In the center of the film is nurse Yoon-yeon from the private clinic of St. Mary in Seoul. The film begins with a scandal - in the X-ray office, someone took a picture at the most compromising moment of a "passionate date" of a couple. After that, after a few days, no one came to work – except for Yoon-yeon and the director of the clinic, Lee Kyung-jin (actress Moon So-ri, known, for example, for the film “Oasis”). And the patients in the clinic are not particularly visible. But the earthquakes began – but small, local, after which holes form in the ground with a radius somewhere the size of a car, but terribly deep, maybe even bottomless.
Such a composition of the film speaks of the deliberate narrowing of the viewer’s attention from the public to the personal, switching his gaze from global catastrophes to personal ones, the depth of which, when viewed from the outside, is often underestimated. So much of the film focuses on Yoon-yeon’s relationship with her boyfriend Sung-won, as well as her collaboration with Director Lee.
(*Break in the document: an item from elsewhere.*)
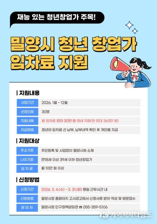 (케이시사타임즈) 경남 밀양시는 고물가와 경기 침체로 어려움을 겪는 청년 창업가들의 초기 경영 부담을 덜어주고 지역 내 안정적인 정착을 돕기 위해 ‘2026년 청년창업가 임차료 지원사업’ 대상자를 모집한다.

Slow storytelling without any significant plot twists and turns with a small number of characters is designed to reveal the topic of trust between people, which should be approached slowly and without excessive glance from the outside. It's just Maggie's fish jumping desperately just before another earthquake - and people can kick for no reason. But still, they need to be trusted, Yun-yeon decided for herself, and her example will be to teach the trust of those viewers who will not turn off the film after realizing that this movie is not at all about a scandal in the X-ray office.